━━━━━ Data provided ━━━━━

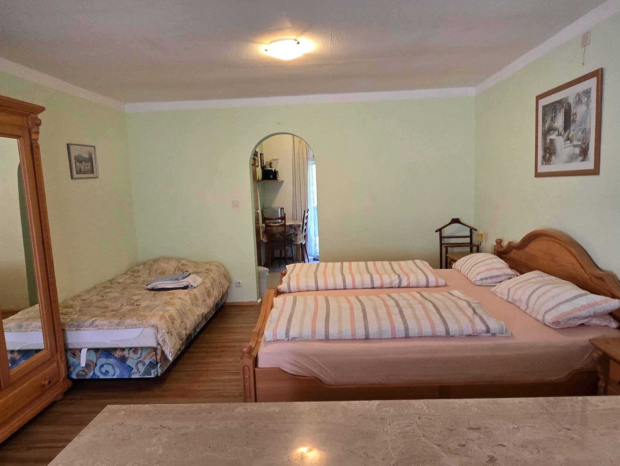 In diesem Zimmer befinden sich ein Doppelbett und zwei Schlafsofas.
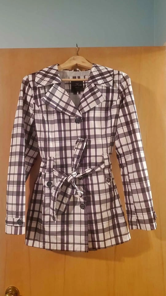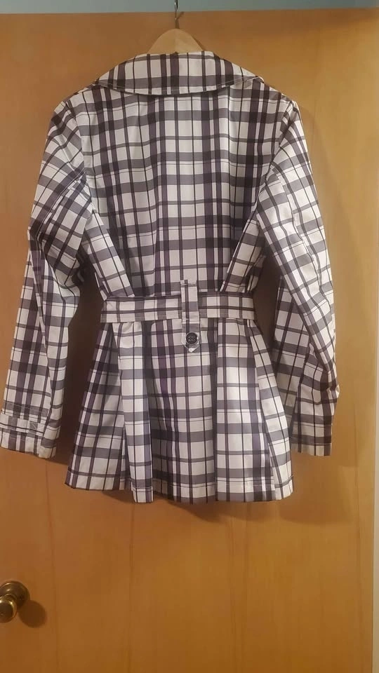Faded Glory Black And White Plaid Trench Coat, Rain Coat M (8/10
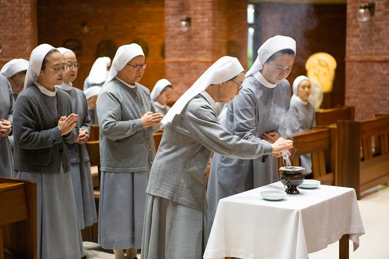 조상님들과 목요한 몬시뇰, 별세한 본회 회원, 별세한 자매회 회원을 기리는 분향과 연도를 바쳤습니다.

━━━━━

§ What you need to do: Copy out the lines above in full and unaltered, apart from the pictures.

§ Answer for this exercise:
 In diesem Zimmer befinden sich ein Doppelbett und zwei Schlafsofas.
Faded Glory Black And White Plaid Trench Coat, Rain Coat M (8/10
 조상님들과 목요한 몬시뇰, 별세한 본회 회원, 별세한 자매회 회원을 기리는 분향과 연도를 바쳤습니다.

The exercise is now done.